The people I loved would pay the price for everything I had done.

I awoke to the feel of a finger brushing my cheek. It left a trail of pain in its wake, even though the touch was feather soft. I flinched, then I realized someone was
touching
me. Some praver that liked to touch girls when they were unconscious. I lashed out and my mind plunged deep into his. My entire body seized up, and my mind reflexively jerked away, like a hand dropping a red-hot plate. Only then did my brain register the sensations gripping my body. Icy pain. Bottomless grief. A deep dread, like all the brightness had been sucked out of the world.

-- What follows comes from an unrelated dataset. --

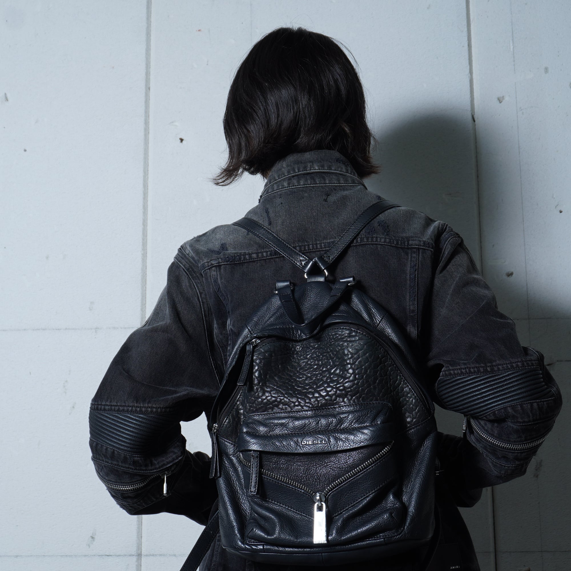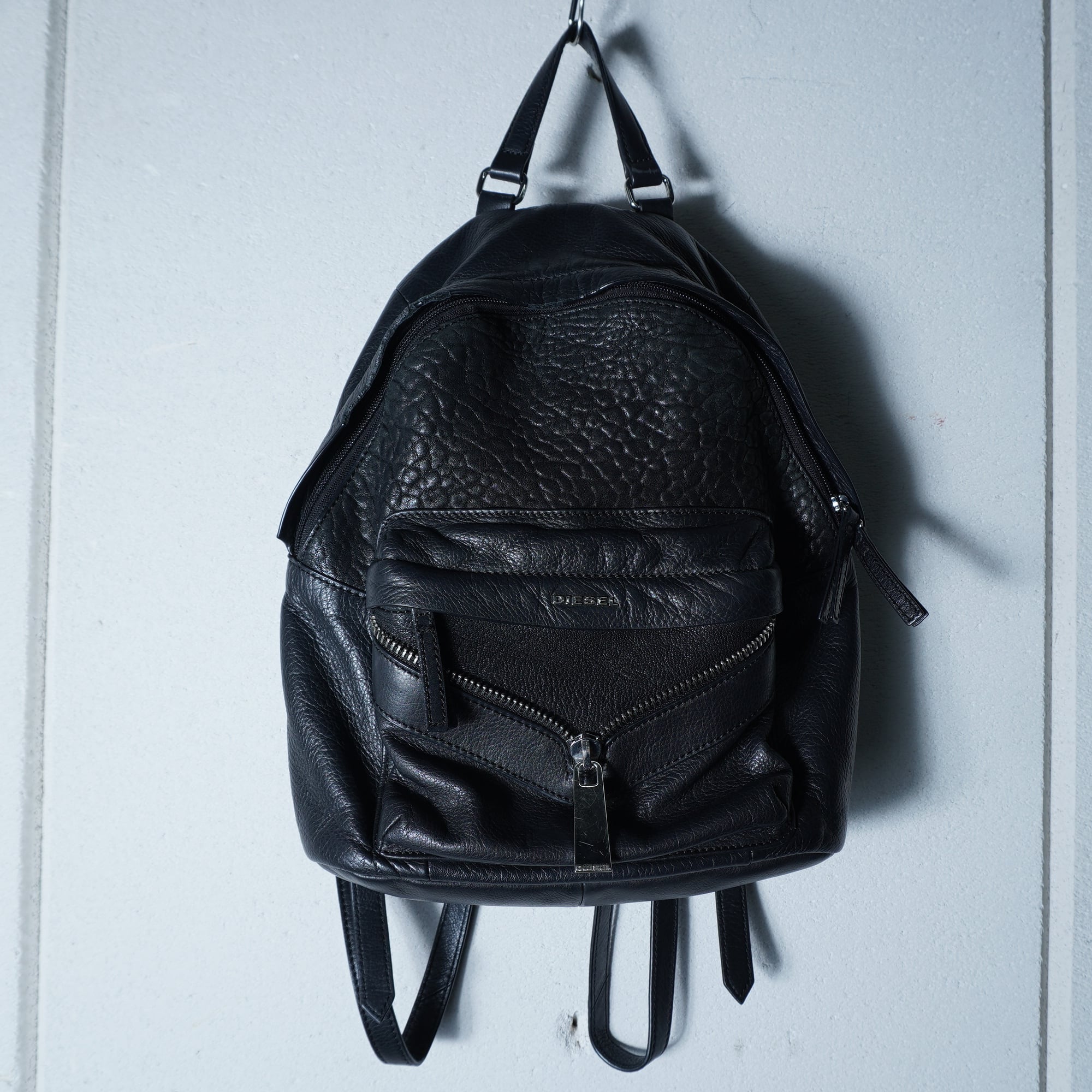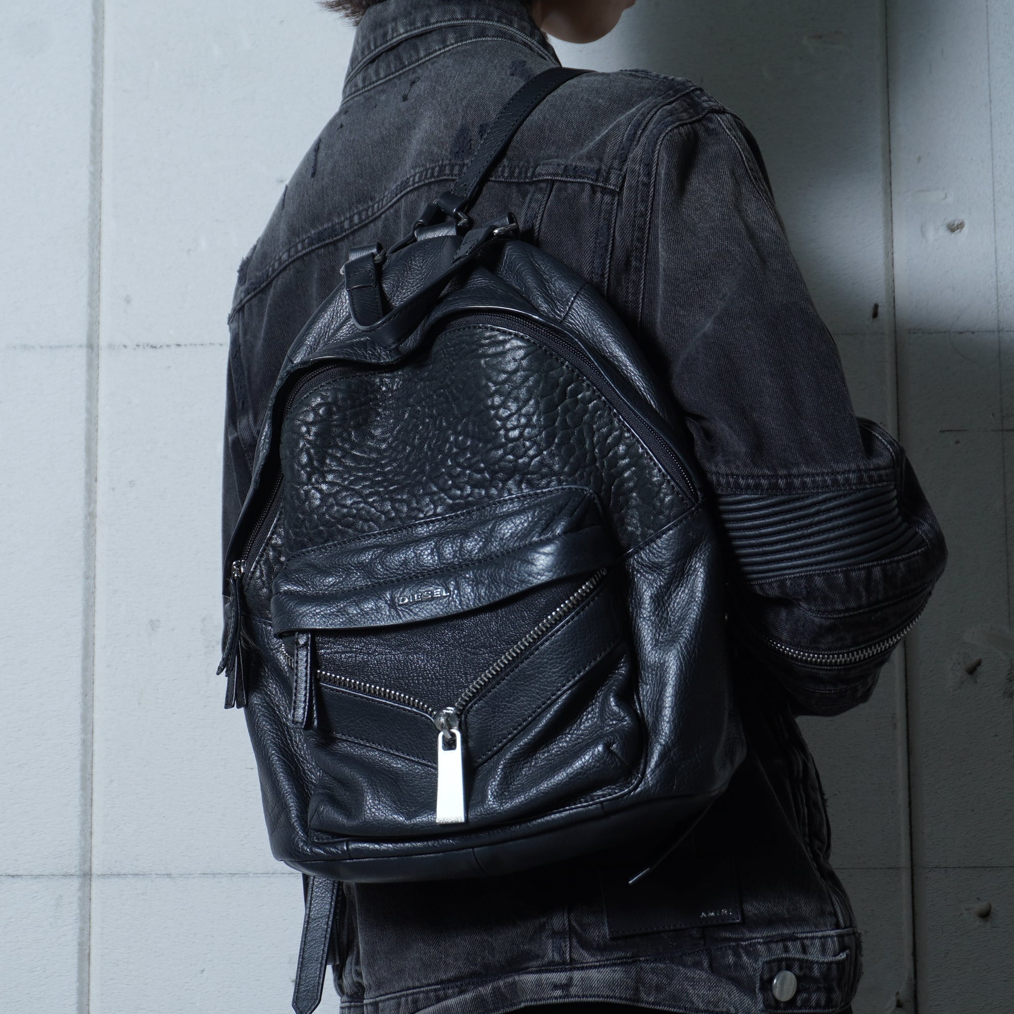 【DIESEL】ディーゼル "Y2K" ジップデザインリアルレザーバックパック black

I drew in a shaky breath and tried to process what was happening, but the feelings faded, like a strange momentary hallucination.

“I didn’t tell you to beat her up,” said a quiet male voice close to me. I struggled to open my eyes and found the source of the voice inspecting my face. He was young, only a year or two older than me, and his face had a soft, warm quality that made me want to like him, even though I couldn’t think of one rational reason why I would like a praver who touched me in my sleep.  

“She put up a fight.” Molloy’s enormous bulk blocked the light above us. I was laid out on a lumpy couch with a line of white columns on either side. The columns were connected by metal racks that stretched up to form a narrow canyon. My blurred vision could barely make out a highway of lights floating far above us. The place smelled of old plastic and machine grease. The boy leaned close, perched on his chair, elbows on his knees, fingers laced.

“Your methods are barbaric.” His words were for Molloy, but his eyes roamed my face, like I was a rare specimen Molloy had captured and he was checking me for damage. I tried to move my lips, but my face was still numb from Molloy’s shock device.

The boy saw me struggle and bent closer, speaking so softly it was almost a whisper. “I’m sorry to bring you here this way. How are you feeling?”

His almost transparent blue eyes were intensely curious, as though he thought my feelings held the answer to the universe’s greatest mystery. I thought he might try to jack in to get the answer to his question, but there wasn’t any pressure on my mind. What had happened when I tried to jack him before? My mind groped for an answer, but it was like a bad dream where all you remember is that you don’t want to remember it. I wondered if he was a jacker at all.

The boy nodded, as if I had answered his question, which I hadn’t.

My lips unstuck enough that I could lick them, dry and coated with a fine grit. Then I remembered: “Raf!” It came out as a croak and I tried to sit up, reaching out to search Molloy’s mind for what he had done with Raf. Molloy easily swatted me away. I had no mental strength whatsoever. The boy steadied me as I swayed on the couch, but I shrank from his touch.